My rating: 4 of 5 stars
⭐️⭐️⭐️⭐️ (4 stars)
🌶️🌶️🌶️🌶️ (4 spice)
It’s like I should look away… but I just can’t.
That’s this series in a nutshell. You know you shouldn’t be reading it, like you know you shouldn’t touch the poisoned fruit—but you still do. Sigh. 😮💨
Okay… okay. There was a plot! I totally missed it in the first book, but I did see one here—buried somewhere under all the dark, questionable spice. 😅
Honestly? I feel like I may have tainted my soul reading this. Between this book and the first one, I probably need actual help for my questionable choices. And yet… here I am, giving it 4 stars again. 🙃 What was I thinking?
This book is dark, twisted, and the red flags aren’t just waving—they're playing ring around the rosie while I read. The writing itself is okay, but it’s the content that gets you. And that’s the part I can’t explain—because I shouldn’t like this series at all. But I do.
Trying to put into words why is the hard part.
Maybe it’s the chaos. Maybe I’m unwell.
Either way, I need medical help. 😆
Now, one thing that did tick me off a bit was that the first half of the book was basically a recap—from Malachi’s POV. I wanted more of the now, not the before, even if it was from a new perspective. It was new content, but still a recap.
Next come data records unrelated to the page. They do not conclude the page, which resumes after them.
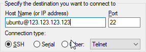 PuTTY'ye gelip host Name'e username@ip-adresi şeklinde yazın.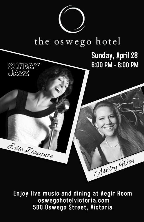Singer Edie Daponte brings passion, playfulness and an evident love of performance to her live shows. Edie is accompanied by the talents of Ashley Wey on piano. Together this dynamic duo create a wonderful atmosphere, engaging and rewarding audiences with the classic numbers they love to hear. With a signature approach that combines jazz, world music and originals, expect a sumptuous selection of re-imagined jazz standards, ballads and originals performed in English, French, Portuguese and Spanish.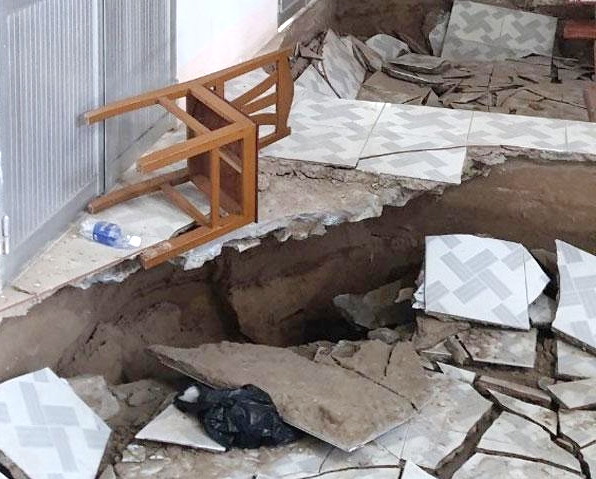 Hiện trường vụ sụt nền tại Trung tâm Y tế huyện Phước Long (Bạc Liêu).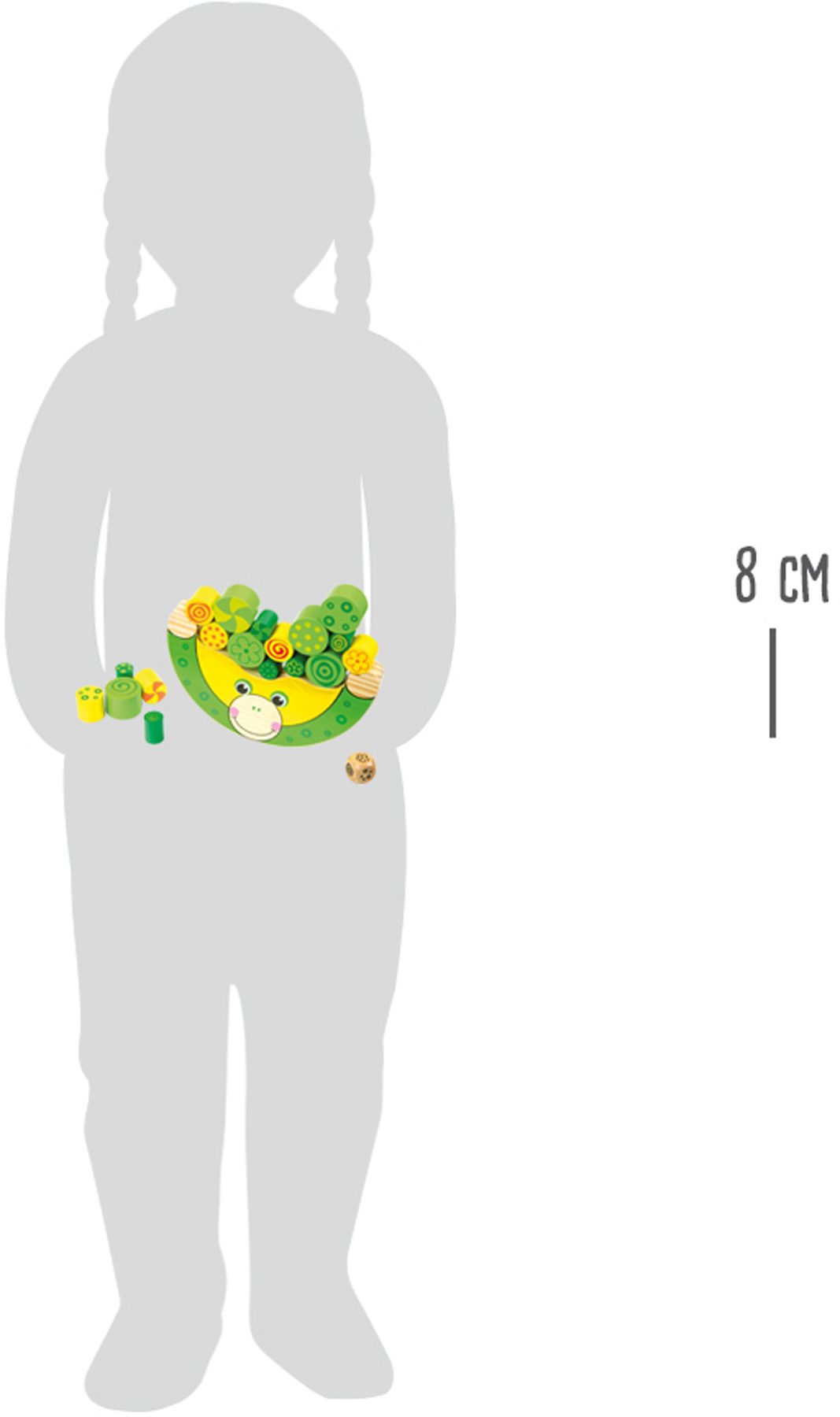 - 1 hráč: Hoď kostkou a příslušnou barvu polož na žabku. Hoď kostkou znovu a umísti další barevný váleček. Ujisti se, že žába drží rovnováhu a nespadne. Pokračuj ve hře do doby, než umístíš poslední váleček. Pokud ztratí žába rovnováhu a válečky spadnou, začni od začátku.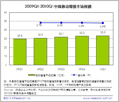 電信運營商計費政策重大調(diào)整對整個移動增值市場產(chǎn)生巨大影響力,2010Q1移動增值市場規(guī)模為33.5億,與09Q1基本持平。電信運營商實施計費通道的強力治理措施,對產(chǎn)品線以WAP計費為主的企業(yè)造成嚴重生存壓力,與此同時采用短信計費的移動增值產(chǎn)品營銷也受到不同程度影響。實現(xiàn)由單一移動增值業(yè)務向移動互聯(lián)網(wǎng)服務進行戰(zhàn)略轉(zhuǎn)型,是SP企業(yè)戰(zhàn)略發(fā)展的實踐路徑。艾瑞認為電信運營商實施全新的合作伙伴計費政策,將重新構建移動增值市場秩序。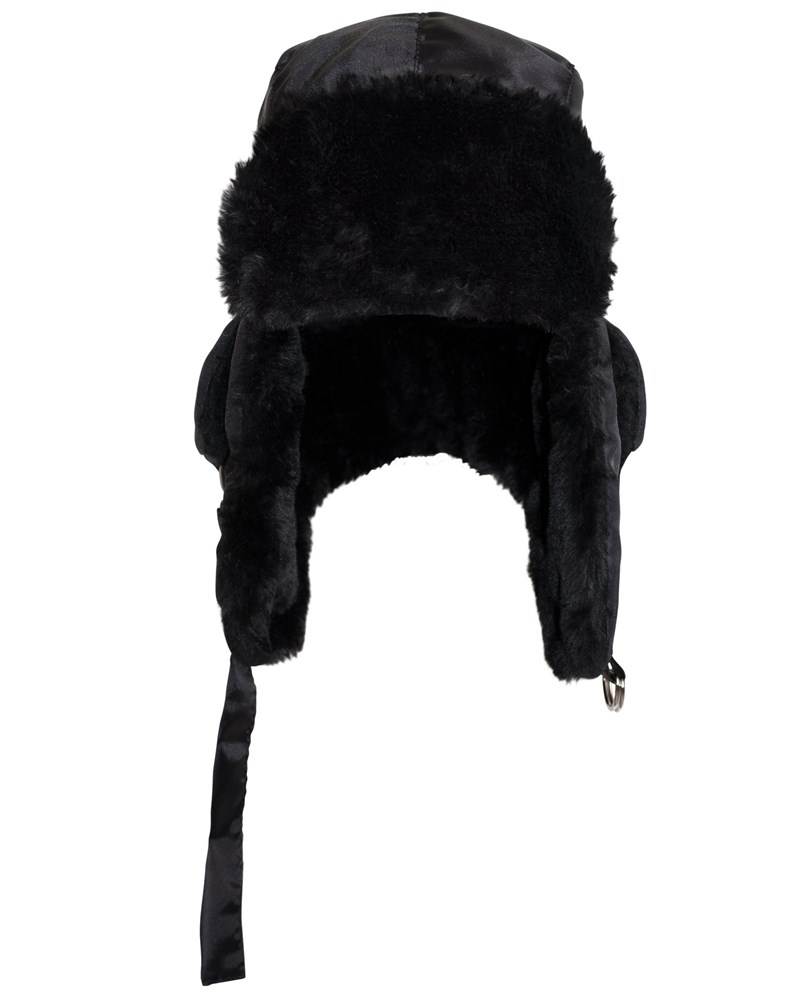 Шапка-ушанка зимняя черная со слуховыми отверстиями, защищенные меховым клапаном.
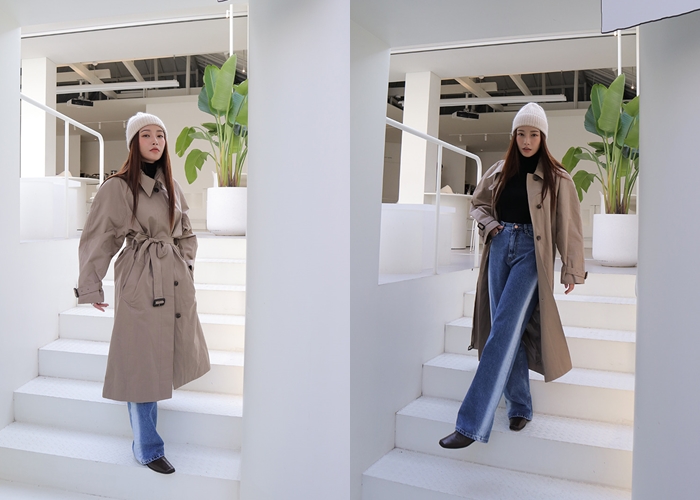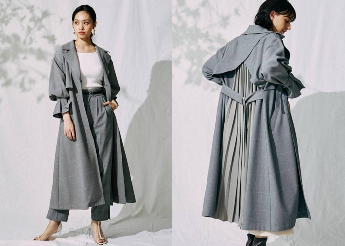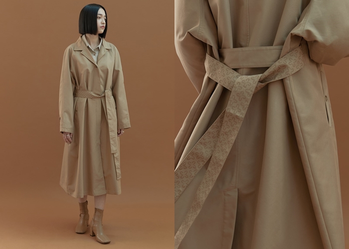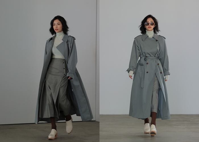 「Nanda Made」,推出這款藍灰色系的簡練風衣,剪裁大方又不失經典元素,包含肩袖、雙排釦及腰帶設計,不扣鈕扣的穿搭顯俐落、包緊緊收腰效果也很好!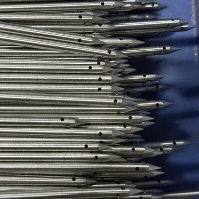 Penggilingan Bevel & Pembentukan Lubang (Proses Inti):Ujung distal mengalami penggilingan presisi pada micro-grinder CNC khusus. Proses ini menciptakan sudut bevel yang tajam dan spesifik (misalnya, 15 °, 30 °) yang mendefinisikan karakteristik semprotan / jet.Untuk jarum semprot, ujungnya sendiri dapat dibentuk lebih lanjut atau memiliki micro-orifice dibor.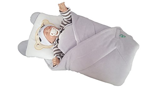 BlueberryShop Warm Velour with Pillow Swaddle Wrap Blanket Sleeping Bag for Newborn baby shower GIFT Cotton 0-3m ( 0-3m ) ( 78 x 78 cm ) Grey
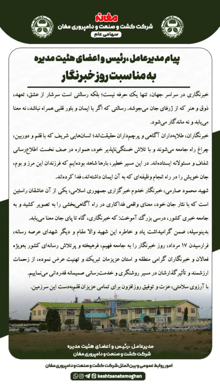 ✍️ امور روابط عمومی و بین الملل شرکت کشت و صنعت و دامپروری مغان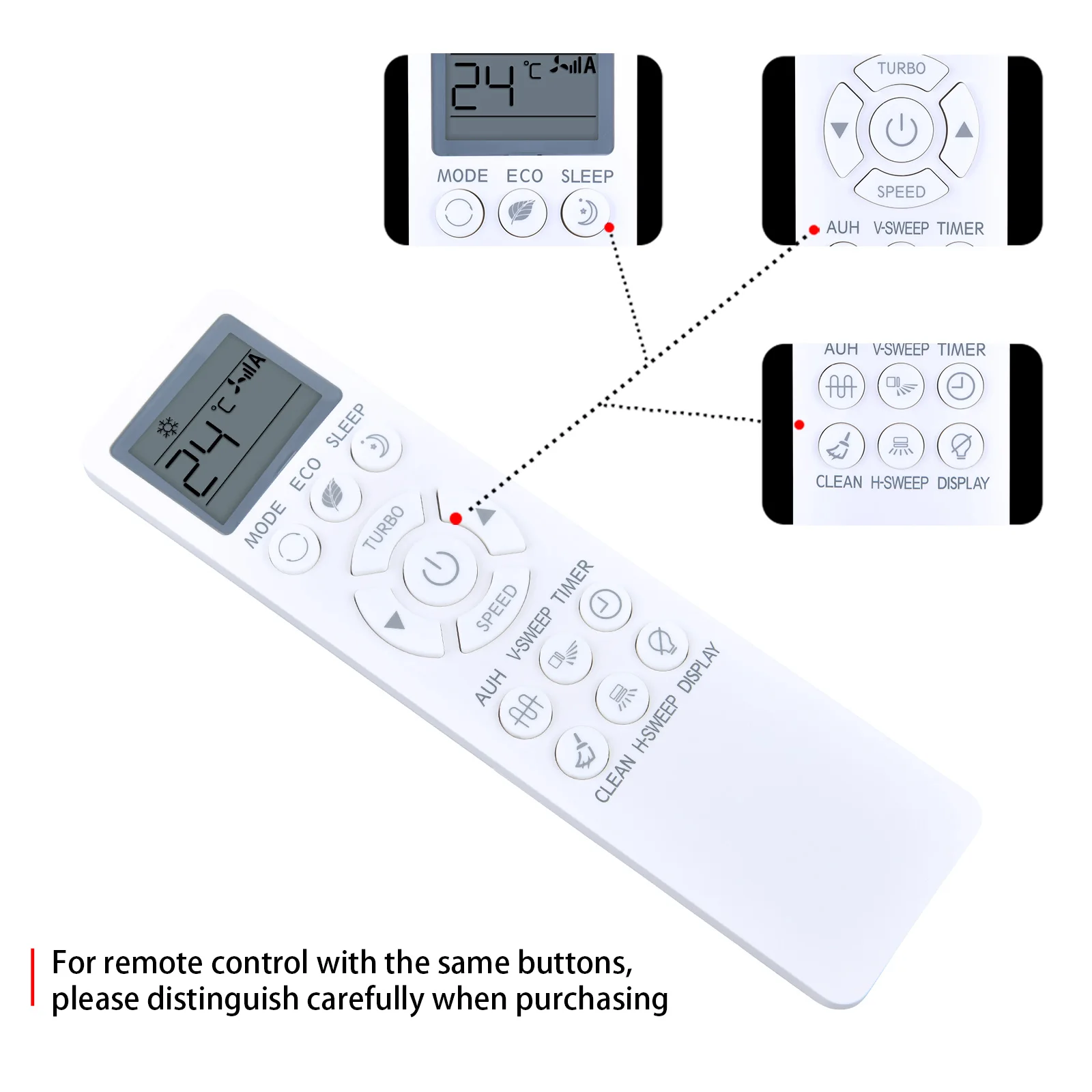 Diversos modelos de control remoto. A veces puede haber docenas de formas en forma, y no todas. Si no está seguro del modelo, comuníquese con el Servicio de Atención al Cliente para confirmar si los compradores compran el modelo incorrecto. Nuestra tienda no se hace responsable. Probamos dos veces antes del envío para asegurarnos de que no haya ningún problema con la calidad del producto en manos de los clientes. No admite ninguna razón para devolver los productos en un plazo de 30 días,

The spice in this book was maybe tamer than the first in terms of what they were doing… but don’t let that fool you—there’s still SO. MUCH. SPICE. 🌶️🔥
I honestly need my eyes washed out, a freezing cold shower, and maybe even a full-blown exorcism. Like… reading this felt like walking through a haunted house that touches you. Once you read this book, you can’t put the genie back in the bottle. It’s in your head, rent-free. 😳
Why did I like it?
Maybe because it’s so dark and so wrong, it becomes a weird kind of fun. There’s a list of things I should question… and maybe even hate… but I’m choosing to enjoy the shock factor before it all sinks in and I realize just how unhinged it all was. 😂
Would I recommend this book?
Maybe—to the girlies I know love their books DARK.
Would I reread it?
Honestly? Yeah. I might. Maybe I’ll feel different the second time.
How would I sum it up?
Dark. Twisted. Wrong. And yet… I liked it.